By Andrea Syrtash for KnowMore.tv
You and your husband share a lot -- a great home, a wonderful family -- but when was the last time you shared a passionate kiss? If you can't remember, take note; it's easy to slip into the roommate trap with your lover.
How do you know if losing the romantic connection is a normal and real practical part of your marriage, or if it's something that needs to change? Here are a few signs that you may want to mix up your routine so it doesn't take a negative toll on your relationship.
1. You don't talk anymore
You talk about bills, housework, kids' schedules... but you can't recall the last time you and your partner had a meaningful talk about your lives, your needs and your desires.
My tip: Spend 10 minutes a night connecting with each other and make a point not to talk about practical matters. You'll be amazed at how just a few minutes a day reminds you that you're each other's priority.
2. Sleep is more important than sex
We're all overworked and busy, so it's not surprising that many of us have moments where we'd take sleep over sex. But if too much time goes by without an intimate connection, it'll take a toll on your relationship and you may crave that sexy connection elsewhere.
My tip: It doesn't sound sexy to schedule sex, but dedicating time each month will get your sexy connection back on track. Figure out together if you'll try during the kid's nap or a particular night before bed. Some couples even dedicate the same day every week for sex. Whatever works for you!

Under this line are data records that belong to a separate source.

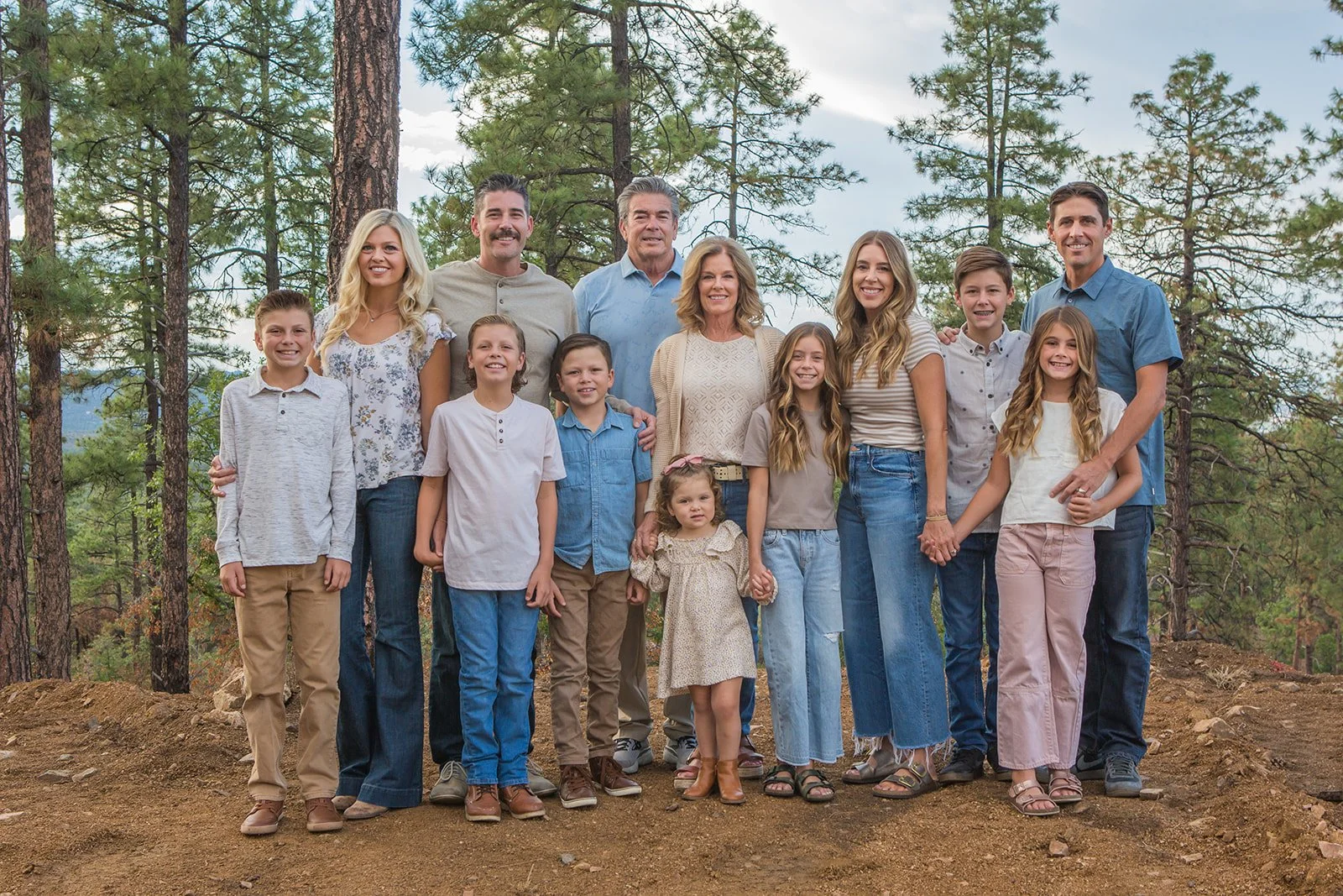 When multiple people are coming together for a group photo, coordinating colors will create a cohesive and visually pleasing image. Choose colors that complement each other and avoid clashing hues. For group photos (especially large groups) I recommend sticking with solid colors and avoiding stripes, plaid, large print or bold patterns. Having multiple people in various print patterns in a photo feels chaotic and distracting to the eye. This is by far the most important piece of advice I can offer my clients as we plan a group or family photo session!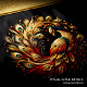 A vibrant peacock displaying its colourful plumage in a circular formation on a clean white background.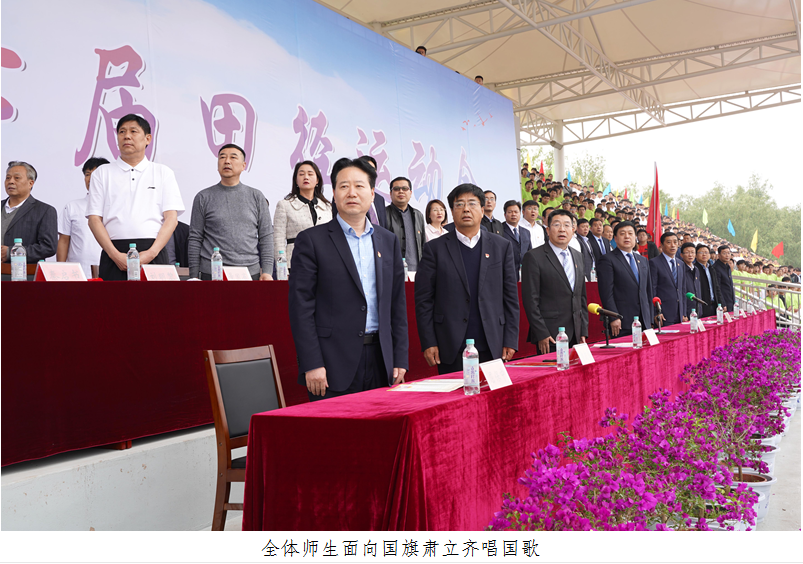 在庄严的国歌声中,五星红旗冉冉升起,全体师生面向国旗肃立齐唱国歌。面向校旗、运动会会旗,升校旗、运动会会旗,唱校歌。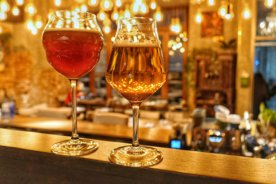Пока в Катаре народ на жаре без пива страдает, мы тут в Etudes всякими ламбиками балуемся (честно говоря, язык не поворачивается этот продукт пивом называть, ну уж ладно). Говорят, тут самая большая в Восточной Европе коллекция ламбиков. Сам не проверял, но похоже на правду — стеллажи с бутылками именно на такие мысли наводят. Тут и классика из Фландрии, и ламбикоподобные напитки из других стран (в том числе из России) — просто они по закону не могут ламбиками называться. В нижнем зале на стенах портреты Луи Пастера и обложки его штудий (Etudes) о пиве. Серьезный был ученый.

3. You don't see each other
You feel like ships passing in the night. You go to bed separately and your schedules seem totally out-of-sync.
My tip: Something has to change or this will erode your relationship. Take out your calendars and find at least one day a week where you'll be together for a concentrated period. It may mean taking a coffee break together during the work week or going together to do errands on the weekend. Whatever you do, make together time a must.
We can't expect that everything we do with our partners to be as romantic as it used to be, but we should expect to have a connection that feels different from just another body in the house.
If you're slipping into the friend trap, these small changes may remind you that you're lovers and partners -- not just parents and roommates.